I've shimmed clutch springs in XR clutches to increase spring pre load which reduces slippage and provide quicker lock up. If you shim too much the springs will coil bind preventing full clutch dis-engagement, but a 0.060" thick washer under each spring is a good starting point and won't bind the springs. Finding washers with appropriate ID and OD to suit the springs is a challenge; some small valve spring shims would work but I found Moroso Spark Plug Clocking washers easier to find and the package has washers of three different thickness, available at automotive speed shops.

You can clean clutch plates using Brake Klean or similar, it remove oil and brake fluid from brake shoes so they are usable so it should be able to clean clutch frictions.

Edited by chuck4788

Okay, so I put the old clutch back in the 400 with some amsoil mcf 20-50. Rode it around for an hour pushing it way harder than normal and not a bit of slippage.

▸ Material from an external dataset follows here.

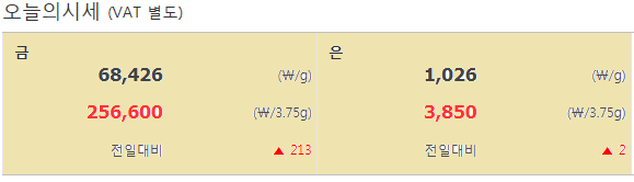 | 금 도매가 | 68,426 | 256,600 |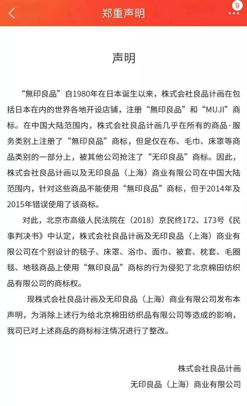 中國青年報搜索發(fā)現(xiàn),在天貓“無印良品MUJI官方旗艦店”,日本無印良品已作出相關(guān)聲明。

Made no adjustments to any cables or anything else. So it seems oil may have been the culprit. So strange that 5 minutes after changing the oil from the old hp4 to gn4 the clutch starts slipping. Why? Did I get bad oil. Semi synthetic to standard oil? At least I don't have to replace the clutch now and I know it still has a decent amount of life left. Wrecked my last desert though.

+1 on the amsoil. been using that in all my bikes for a long time. Even my 100,000 mile 1983 CB1100F.